SEC Climate Rules Are Weak, But They’re Progress: Mark Gongloff

March 6, 2024, 5:28 PM UTC

Mario Cuomo once said politicians should campaign in poetry but govern in prose. President Joe Biden’s climate policy seems to have taken that to heart, often reading like a washing-machine repair guide: It gets a job done but isn’t exactly inspiring.

Consider the new climate-disclosure rules from the administration’s Securities and Exchange Commission. After two years of furious debate and lobbying, the SEC on Wednesday approved new requirements that public companies disclose their greenhouse-gas emissions, which may sound like a historic move. But they are riddled with monumental caveats.

For one thing, the SEC won’t make companies report Scope 3 emissions, those that aren’t under a company’s direct control but are related to how it does business, say in its supply chain or in the life of its products. Those make up 75% of the average company’s total planet-warming emissions. The agency also made reporting of Scope 1 and 2 emissions essentially voluntary. And smaller companies don’t have to report anything at all.

In case you’re not clear on these scopes, here’s an example: Let’s say I run a public company that makes Timothee Chalamet bobblehead dolls. The greenhouse gases produced by my bobblehead factory, offices and delivery trucks — all the stuff under my control — are Scope 1 emissions. The electricity I use to keep the bobblehead factory running produces Scope 2 emissions. Everything else related to my business — the plastic I source to melt down into tiny likenesses of Timothee Chalamet’s head, the private jet I take to visit bobblehead distributors, the landfills full of Timothee Chalamet bobbleheads — produces Scope 3 emissions.

Scope 3 emissions are more endemic to some industries than others. Banks, for example, are almost entirely Scope 3 producers because they’re not exactly smelting ore in the course of business. Ore smelters, on the other hand, mostly generate Scope 1 and 2 emissions. Scope 3 emissions are on the whole much more significant, but businesses complain they are also much harder to measure accurately.

Under the new SEC rules, not only is Scope 3 exempt from reporting, but Scope 1 and 2 need to be reported only if companies decide they’re “material,” or something that could cost the business and investors money.

This is far more leeway than the SEC had initially proposed when this process began in March 2022. But the threat of more stringent reporting requirements triggered trade groups, lobbyists and conservatives to flood the agency with complaints and demands for softer rules. Meanwhile, Republicans managed to politicize the very idea of environmental, social and governance (ESG) investing, making businesses much less willing to cooperate in any scheme that would force them to pretend to care about their impact on any other part of the world but their bottom line.
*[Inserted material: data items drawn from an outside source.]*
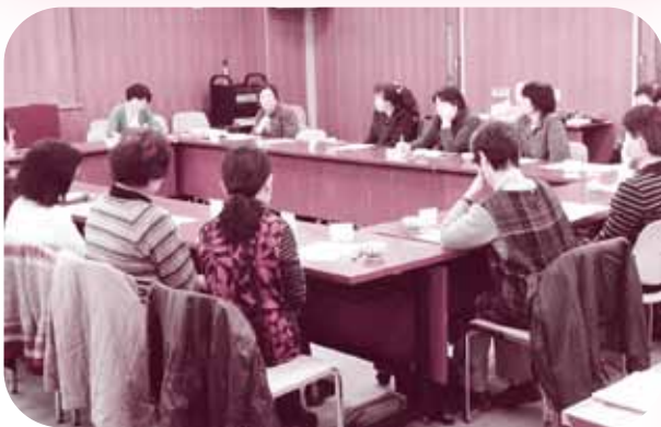
介護者おしゃべりサロン

大変な経験乗り越えた者同士、かけがえない介護体験を活かせる場の一つとしてサロンに来て、運営のボランティアをしませんか？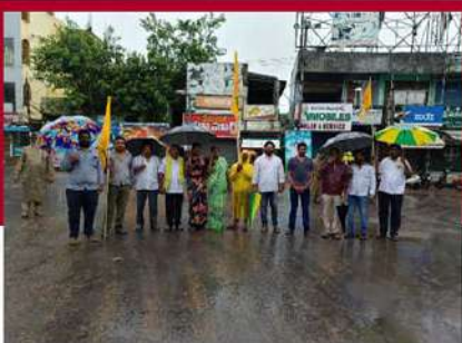
చల్లపల్లిలో నిరసన వ్యక్తం చేస్తున్న టీడీపీ శ్రేణులు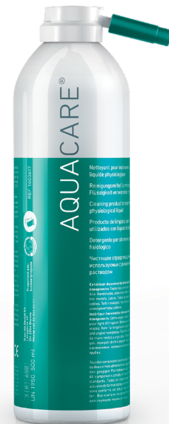
AQUACARE 500 ml spray de limpeza Embalagem de 6 unidades REF. 1600617-006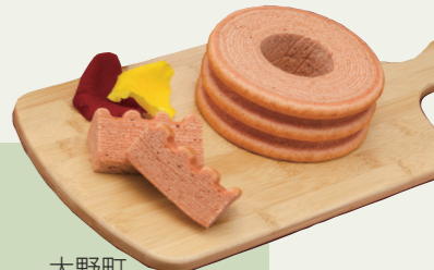
大野町 薔薇のバームクーヘン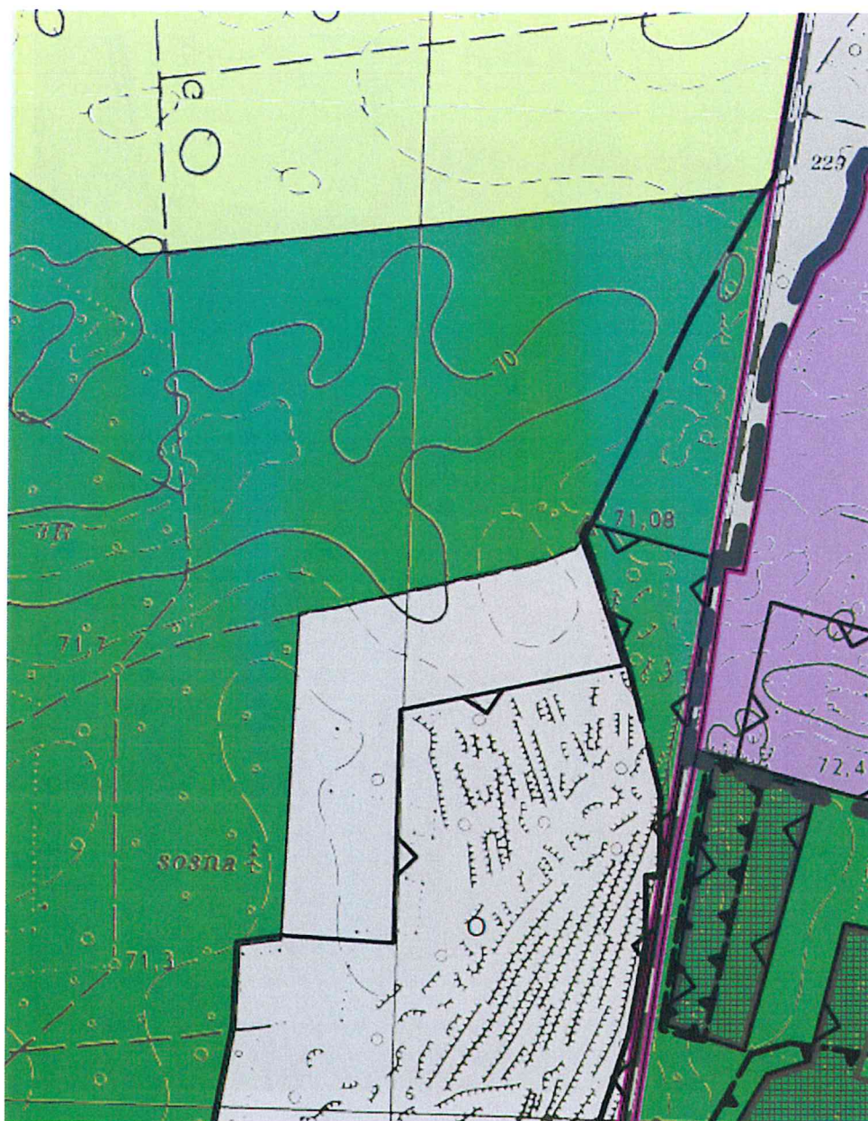
Rys.1. Wyrys z rysunku Studium przed zmianą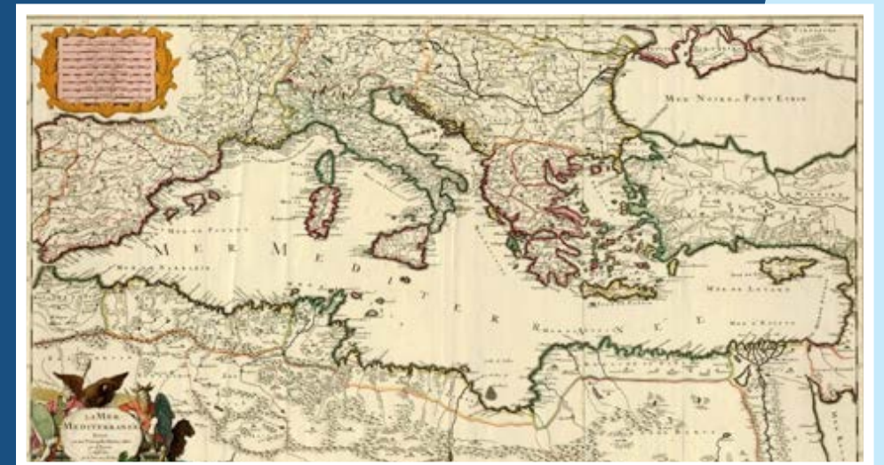
Mediterranean- Map of the XVIII century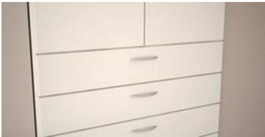
Tiroir avec façade en applique

Pour les tiroirs situés derrière des portes, une entretoise en plastique blanc (cale de distanciation) est intégrée. Ce type de tiroir convient à toutes les portes battantes et miroirs en applique, à l'exception des portes vitrées.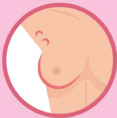
Боль как в молочной железе, так и в сосках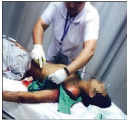
المجني عليه خلال تلقيه العلاج في مستشفى الجهراء

على الفور غرفة الانعاش حيث تمكن الاطباء من عمل الاجراءات اللازمة للشاب الذي وصف المصدر حالته بأنها خطيرة، وأردف المصدر بأن صديق المجني عليه قام بإسعاف صديقه بعد ان شاهده يتعرض للطنع على يد شخص يعرفه في منطقة سعد العبدالله وزود رجال الامن ببيانات الجاني وجار التحقيق بالواقعة ومعرفة اسباب المشاجرة.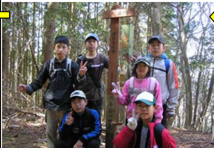
13:42 京ヶ峰(8/24)着。視界はないがのびやかな山頂。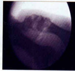
Fig. 1. Fluoroscopia y localización exostosis.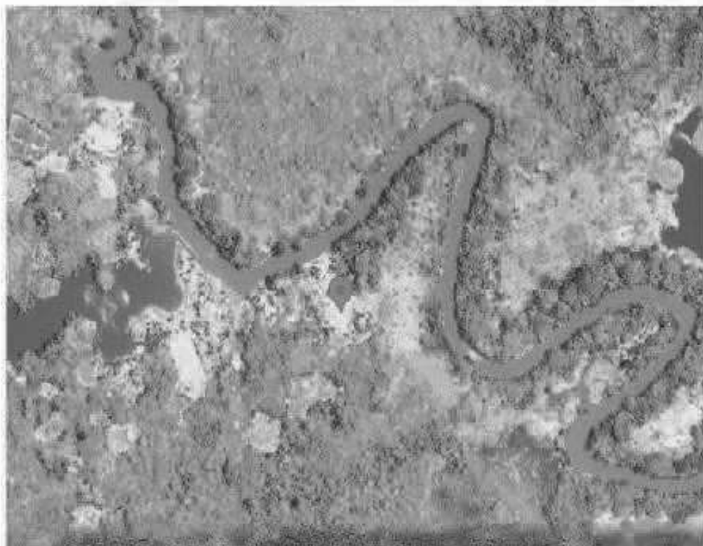
Figura 02: ubicación de la comunidad Nueva Alegria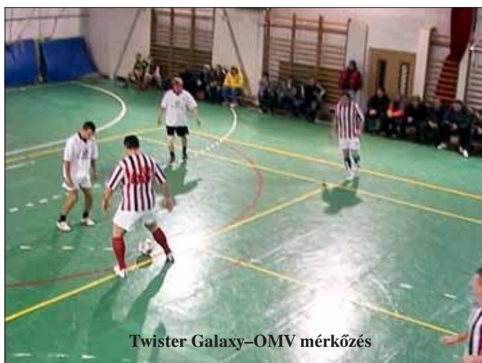
Twister Galaxy–OMV mérkőzés

Given the high and rising likelihood that tougher rules would face court challenges, the SEC caved. The agency will still be sued, of course, but its lighter disclosure rules will stand a marginally better chance of surviving in court.

This fits a pattern. In response to furious opposition and the threat of legal action, the Biden administration is retreating on tougher Environmental Protection Agency standards for fossil-fuel plant emissions and likely will for automobile tailpipe emissions. Biden froze liquefied natural gas exports but only after they nearly doubled on his watch. He blocked new oil and gas development on Alaska’s North Slope and canceled leases in the Arctic National Wildlife Refuge, but only after approving ConocoPhillips’ Willow drilling project.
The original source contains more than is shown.